*** Opening of EXTRACTED INFORMATION ***

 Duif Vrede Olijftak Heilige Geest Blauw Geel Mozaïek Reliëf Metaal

*** Close of EXTRACTED INFORMATION ***
*** Opening of EXTRACTED INFORMATION ***

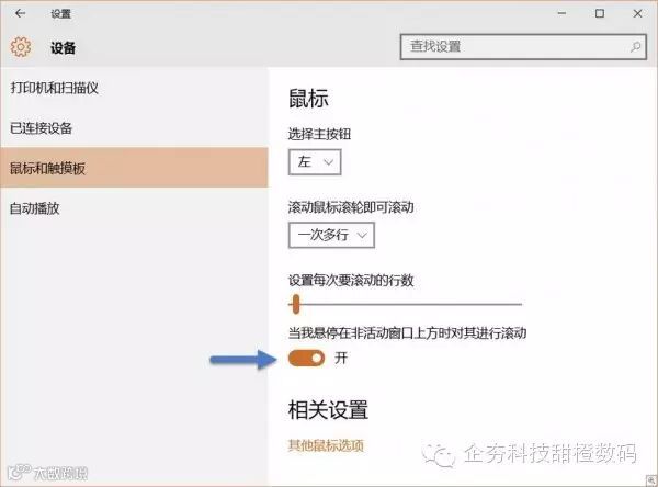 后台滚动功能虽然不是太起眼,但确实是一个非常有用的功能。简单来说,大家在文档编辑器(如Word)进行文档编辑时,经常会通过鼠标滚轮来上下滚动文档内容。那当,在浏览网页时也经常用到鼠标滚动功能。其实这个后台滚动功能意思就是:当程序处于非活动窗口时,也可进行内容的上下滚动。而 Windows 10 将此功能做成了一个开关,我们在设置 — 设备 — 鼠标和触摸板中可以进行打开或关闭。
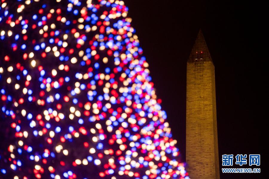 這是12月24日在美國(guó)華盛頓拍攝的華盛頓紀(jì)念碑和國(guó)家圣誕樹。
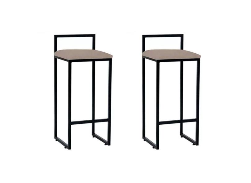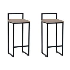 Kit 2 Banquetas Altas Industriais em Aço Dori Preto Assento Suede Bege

*** Close of EXTRACTED INFORMATION ***
*** Opening of EXTRACTED INFORMATION ***

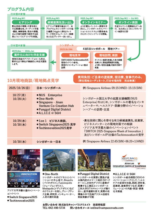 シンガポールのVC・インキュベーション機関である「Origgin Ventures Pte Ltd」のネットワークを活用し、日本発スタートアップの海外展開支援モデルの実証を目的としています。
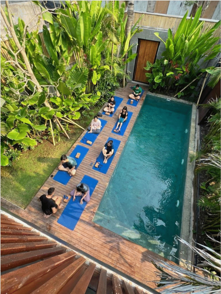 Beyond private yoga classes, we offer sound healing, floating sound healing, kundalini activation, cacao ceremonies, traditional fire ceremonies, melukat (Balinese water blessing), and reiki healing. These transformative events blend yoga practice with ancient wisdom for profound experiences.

*** Close of EXTRACTED INFORMATION ***

What should come back is an exact copy of the lines above from the line with "设备 — 鼠标和触摸板中可以进行打开或关闭。" to the line with "Kit 2 Banquetas", both included, minus the pictures.

RESPONSE TO THE TASK ->
 后台滚动功能虽然不是太起眼,但确实是一个非常有用的功能。简单来说,大家在文档编辑器(如Word)进行文档编辑时,经常会通过鼠标滚轮来上下滚动文档内容。那当,在浏览网页时也经常用到鼠标滚动功能。其实这个后台滚动功能意思就是:当程序处于非活动窗口时,也可进行内容的上下滚动。而 Windows 10 将此功能做成了一个开关,我们在设置 — 设备 — 鼠标和触摸板中可以进行打开或关闭。
 這是12月24日在美國(guó)華盛頓拍攝的華盛頓紀(jì)念碑和國(guó)家圣誕樹。
 Kit 2 Banquetas Altas Industriais em Aço Dori Preto Assento Suede Bege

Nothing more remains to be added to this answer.